On Friday, the Senate passed legislation repealing some of the Aboveground Storage Tank Act’s remaining protections.
That law originally required West Virginia’s approximately 42,000 aboveground tanks to be registered with the state, meet stringent safety standards, and be subject to inspections by the Department of Environmental Protection. It was passed unanimously in 2014 in response to the Elk River chemical spill that occurred earlier that year.
The chemical leak at Freedom Industries near Charleston left 300,000 people without clean drinking water for several days after contaminating the public water supply.
On the Senate floor last week, Sen. Joey Garcia, D-Marion, described how the air smelled like licorice on the day of the chemical spill.
“I remember where I was on Jan. 9, and I remember that I don’t want to be there again, and the only thing this bill does is weaken those standards, and it’s not the right path to take,” Garcia said before urging the chamber to reject the measure.
Over the last decade, lawmakers have worked to weaken the strong protective standards established by the 2014 measure at the request of the state’s industry. In both 2015 and 2017, the legislature passed industry-backed bills that reduced the original measure’s protections and exempted thousands of tanks from the safety law.
Currently, the act only regulates about 11%, or 4,500 tanks in the state, which would be reduced to less than 9% under the proposed bill, SB 592.
If passed by the House, the bill would exempt over 1,000 oil, gas, and coal tanks from the current requirements for evaluations and inspections by the DEP and a certified third party.
More than 800 of the exempted tanks are located in zones of critical concern, which are areas along waterways closest to surface water intakes. Because of their proximity to the water intake, these tanks are also more likely to contaminate drinking water in the event of a leak or spill.
“All this bill does is it corrects the overreaction,” said Sen. Chris Rose, R-Monongalia, during his remarks on the Senate floor on Friday. He stated that the industry responsible for the 2014 chemical spill would continue to be regulated under the existing tank standards.
“This bill will do nothing to harm our fresh water sources, but what it will do is help our industry have some regulatory burden took off of them because they have enough to deal with from the federal government already,” said Rose, who is the chair of the Senate Energy Committee.
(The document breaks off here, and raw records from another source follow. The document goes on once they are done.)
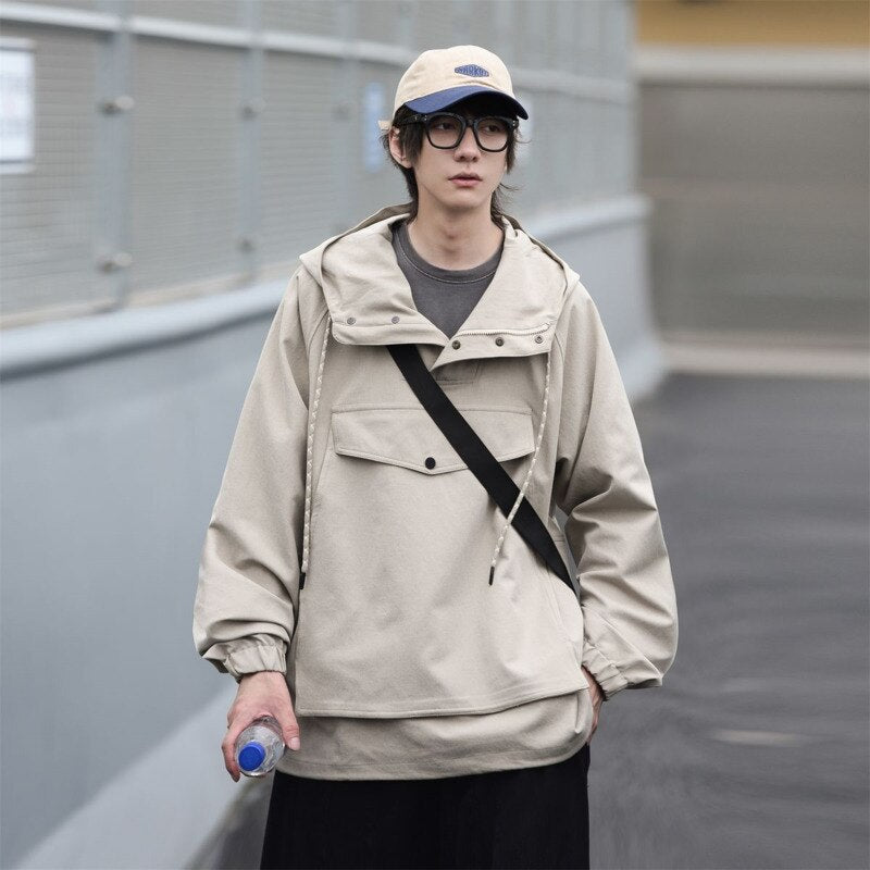 Bonsir Autumn Pullover Jacket Men Fashion Casual Big Pocket Hooded Jackets Mens Japanese Streetwear Hip Hop Loose Bomber Jacket Men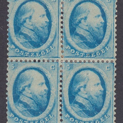 Frem fra 1852, blok af fire Koning Willem III-frimærker, NVPH 1q, plade VI positioner 18–19 og 23–24, afprøvet (gestempeld) med attest fra Nederlandsche Keuringsdienst dateret 14-10-2025. Klik på den blå "gå til varen" knap, for at købe eller byde på denne vare. Den samlede pris vil blive vist inden du afgiver dit bud.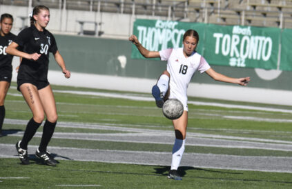 The Titan keeper appeared to have it in her sights but she couldn’t haul it in, allowing it to drop right to where King was charging in. The Cedar Valley junior booted it past the desperately lunging Olympus defenders and into the back of the net for the only goal of the game.

Last week, DEP Deputy Secretary Scott Mandirola told the Senate Energy Committee that the tanks that would be exempted under the proposed legislation accounted for 38% of confirmed leaks over the previous three years.
While environmental and advocacy groups have opposed any rollback to the original 2014 act, this latest effort has sparked particular outrage over its proposed exemptions for tanks in the zone of critical concern, especially given previous legislatures’ tendency to maintain those protections despite similar efforts.
“Here we are in 2025 with a legislature that is willing to gut the entire bill,” Clay County resident Angie Rosser told a crowd of about a dozen people during an unofficial public hearing in front of the House chamber organized by several environmental and advocacy groups opposed to the bill.
Rosser, the former executive director of West Virginia Rivers, added, “If we’re exempting tanks in critical concern zones, we might as well not have an Aboveground Storage Tank Act at all because it’s a shell. This is a ruse. There is almost nothing left that people are keeping an eye on.